Unfortunately in the “whisky business” big business weakens quality. This is especially apparent in the US and Canada. Check the reviews on this site.
To a lesser degree this happens in Scotland as highlighted on this website.
Respect to all whisky heroes in every country. Stay strong!
Fuck big business where costs are increased at the expense of quality and reputation.
I am a big fan of Malt review, please can we but some perspective on things.
Thanks.
M.
So what don’t you agree with? Everything you just mentioned was covered in my article above. The “perspective” you asked for is literally on paragraph 4. If you think my score is too low, familiarize yourself with other Malt ratings. I sing the bottle’s praises and dock it for the thin finish.

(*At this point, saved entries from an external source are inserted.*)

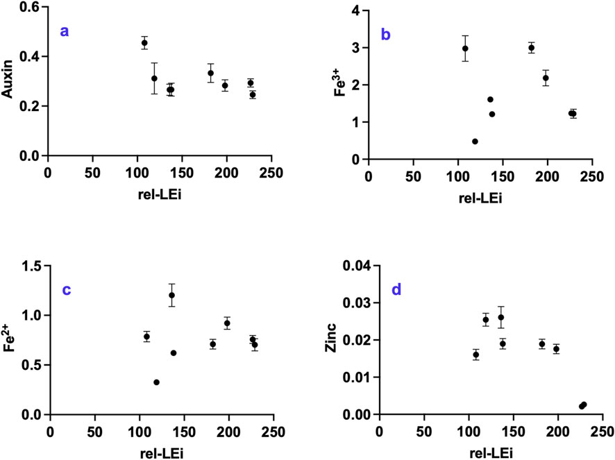 Figure 6. Distribution of (a) auxin (pmol mg-1 DW); (b) Fe3+ (nmol mg-1 DW); (c) Fe2+ (nmol mg-1 DW); (d) Zinc (nmol mg-1 DW) with respect to the rel-LEi (μmol photons m-2s-1). Rel-LEi: relative light energy index (estimated according to Pistelli et al. (2023)).
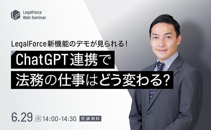 「ChatGPT」APIを活用した「条文修正アシスト」機能 提供開始記念セミナー 「デモが見られる!ChatGPT連携したLegalForceで、法務の仕事はどう変わる?」 6月29日(木)
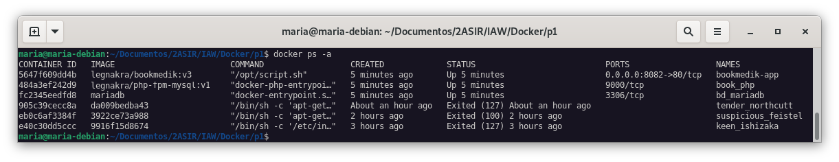 Levantamos el escenario con docker compose up -dy con docker ps podemos ver que los contenedores se han levantado correctamente:
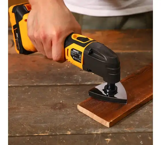 Реноватор DEKO DKOT20 Multi предназначен для строительных работ (резка, шлифование) с такими материалами как дерево, металл. Хорошо подходит для обработки небольших участков особенно углов и труднодоступных мест. Он незаменим как вспомогательный строительный инструмент на финальных этапах работы или при переделке. Электронная регулировка частоты колебаний позволяет подобрать оптимальный режим для каждого вида работы и материалов. Патрон универсальной системы OIS с бесключевой фиксацией.
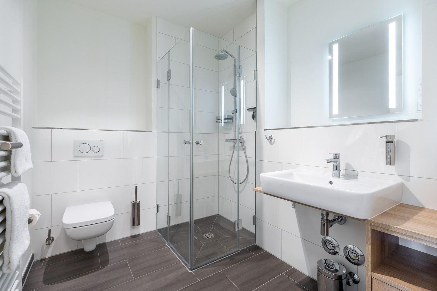 Das Badezimmer überzeugt mit einer bodengleichen Dusche.
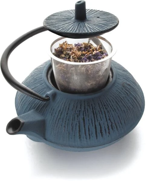 Lacor Teekanne aus Gusseisen in blau 1,1 L. Robuste und von Hand gefertigte Teekanne aus hochwertigem Gusseisen. Mit dieser Teekanne bleibt ihr Tee besonders lange heiß. Inklusive Teefilter aus rostfreiem Edelstahl.
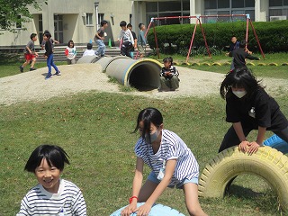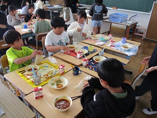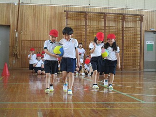 1年生は学校探検をしていました。
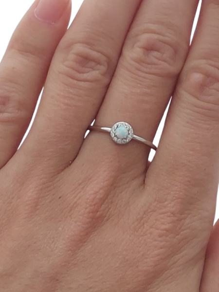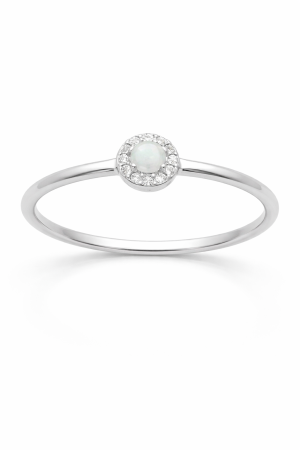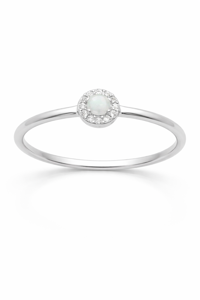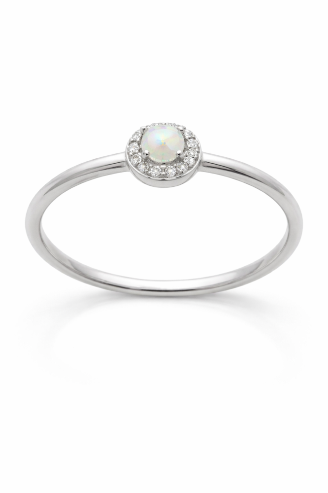 Opál odráží světlo v decentních odstínech zelené, růžové a zlatavé barvy, díky čemuž působí velmi něžně a romanticky. Lem zirkonů dodává prstenu jemný luxusní třpyt, aniž by narušil jeho minimalistický charakter.
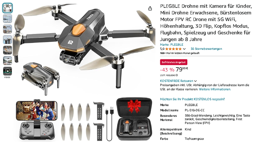 Mit ihrem attraktiven Preis, den fortschrittlichen Funktionen und dem kinderfreundlichen Design ist die PLEGBLE Drohne eine ausgezeichnete Wahl für alle, die in die faszinierende Welt der Drohnentechnologie eintauchen möchten. Dieses Sonderangebot ist zeitlich begrenzt - greifen Sie zu, solange der Vorrat reicht!
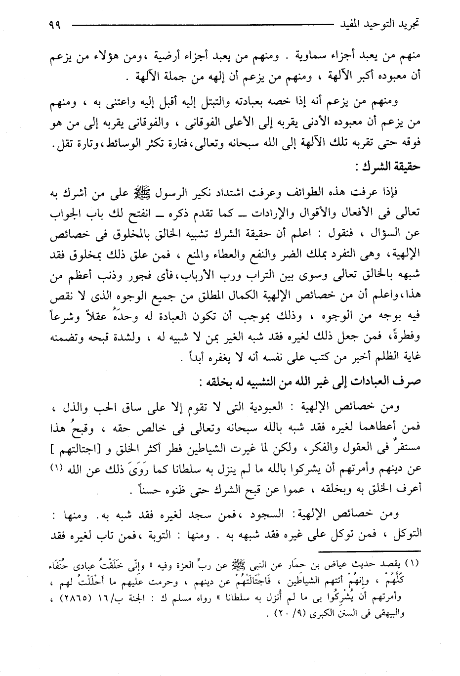 ومن خصائص الإلهية: العبودية التى لا تقوم إلا على ساق الحب والذل، فمن أعطاهما لغيره فقد شبه بالله سبحانه وتعالى في خالص حقه، وقبح هذا مستقر في العقول والفكر، ولكن لما غيرت الشياطين فطر أكثر الخلق و [اجتالتهم] عن دينهم وأمرتهم أن يشركوا بالله ما لم ينزل به سلطانا كما روى ذلك عن الله «1» أعرف الخلق به وبخلقه، عموا عن قبح الشرك حتى ظنوه حسنا.
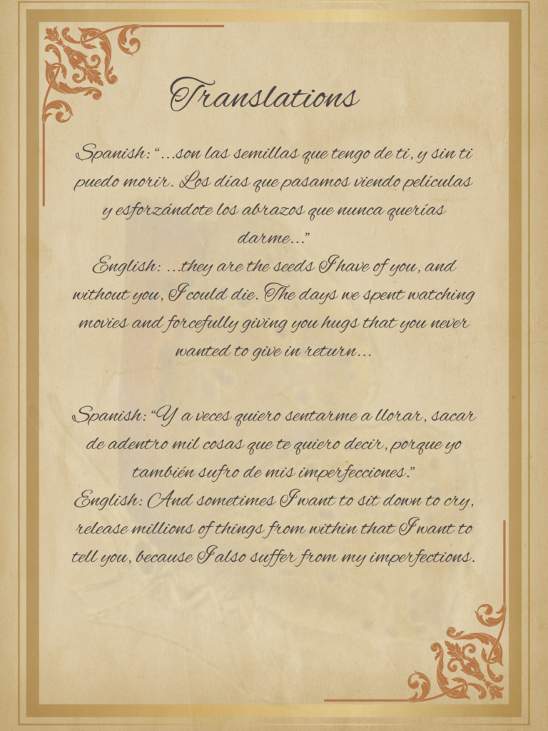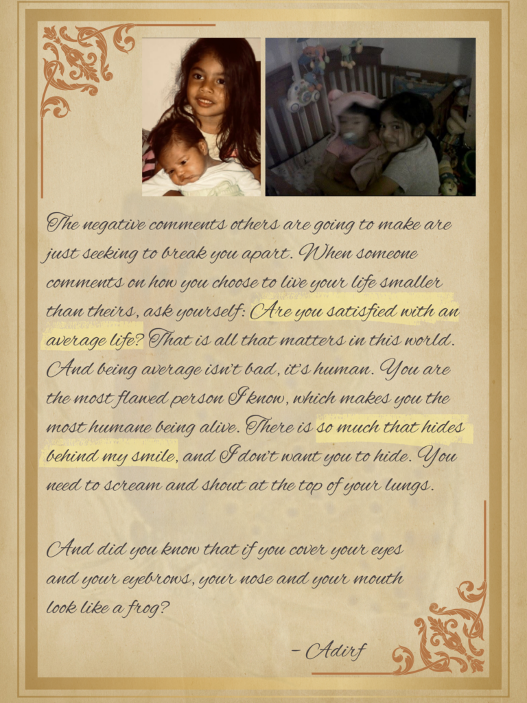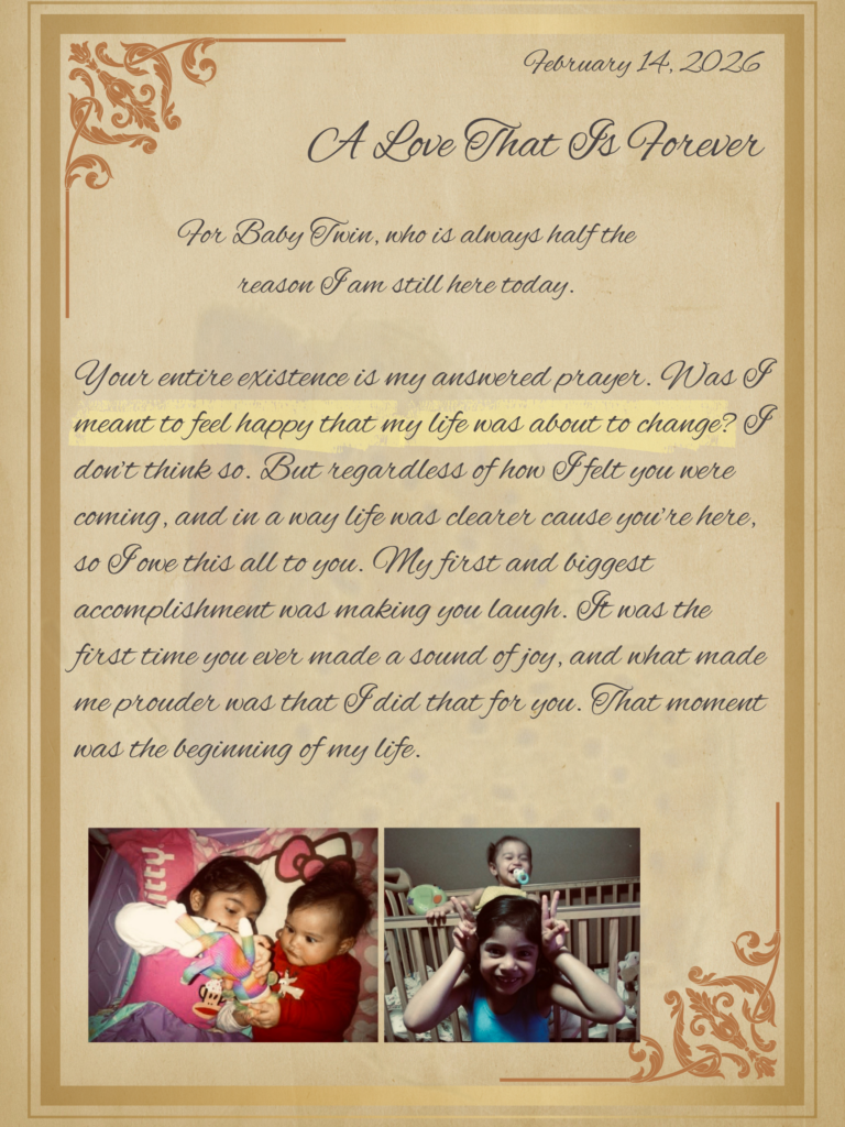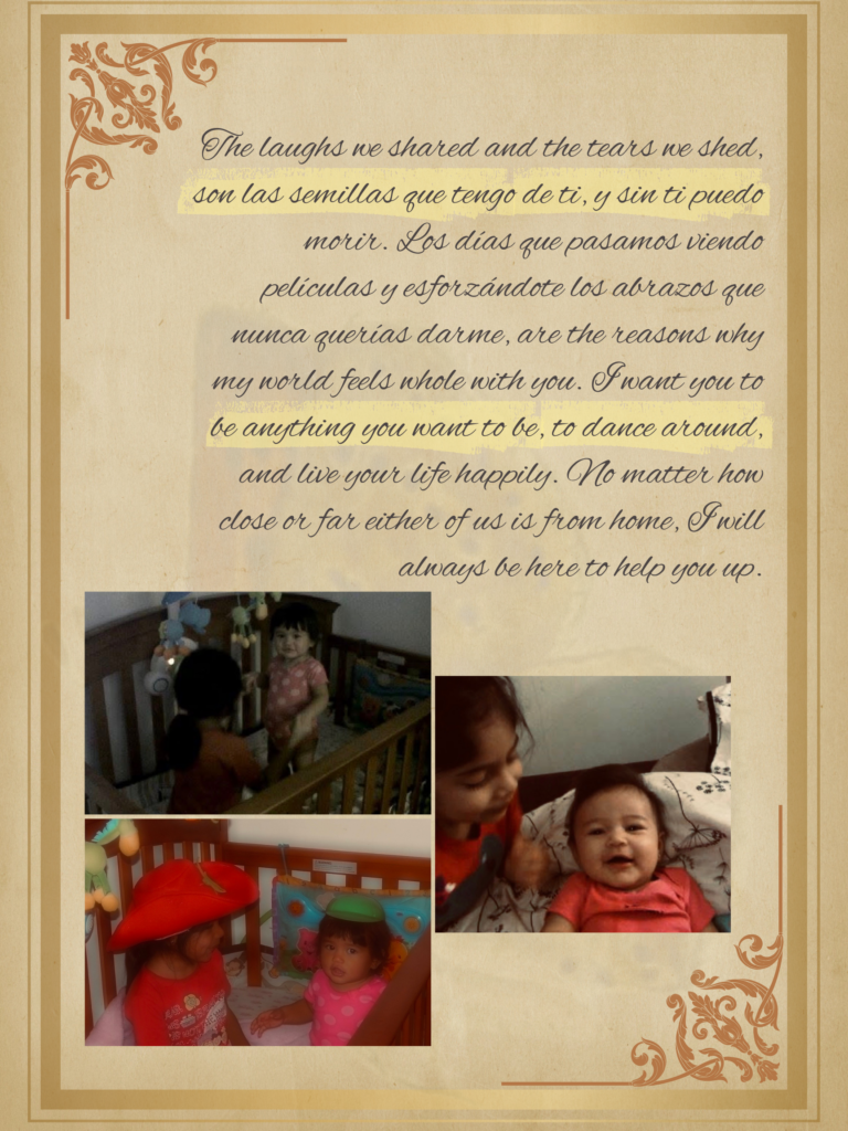 As an older sister, I wanted to create a piece that other older siblings could relate to when it comes to the love we have for our younger siblings. I chose to write a letter to my first younger sister, who was the first of my four siblings to make me a big sister. The message I am trying to convey in my letter is that sibling love is timeless and unconditional, hence the title “A Love That Is Forever.” I chose the date of February 14, 2026, because in my family, we treat Valentine’s Day like it is any other big holiday, celebrating the privilege we have to love. In some ways, I wanted to include advice and personal connections between my sister and me, while also keeping it general for the audience. The pictures included on each page represent a line in my letter that is of importance. For example, on the first page, the picture to the left is the first time I made my sister laugh, and the one on the right is the same thing, just us slightly older, demonstrating the concept of timeless. The names used in my project are the nicknames my sister and I have for each other: baby twin and Adirf. There are some lines in Spanish to connect the roots of our home language with translations provided at the end.

There are a couple of versions of “Black Art” from 1989 so it would be nice also to know which one you reviewed: the 19 y.o. , 21 y.o. or 22 y.o. (cannot recall whether the version 4 was also from ’89 – it might’ve been, but too lazy to now check my notes) judging by the photo you had the first version. Difficult to come by and naturally by now way over-priced, if you ask me. But then I am no collector.
These versions carry the same vintage but were bottled in different years and are of different age.
A grand, you say? It has, most certainly, appreciated nicely. I think back in 2011 a bottle of 22y.o. version (which I consider the best of the first four bottlings – even at the risk of annoying Murray fandom and the 1st edition was the least impressive one) set me back about 80 Euros.
One is lead to consider whether one should be an investor rather than a drinker with these numbers.
Slainte!
The featured picture of the bottle shows it is the 19 yr.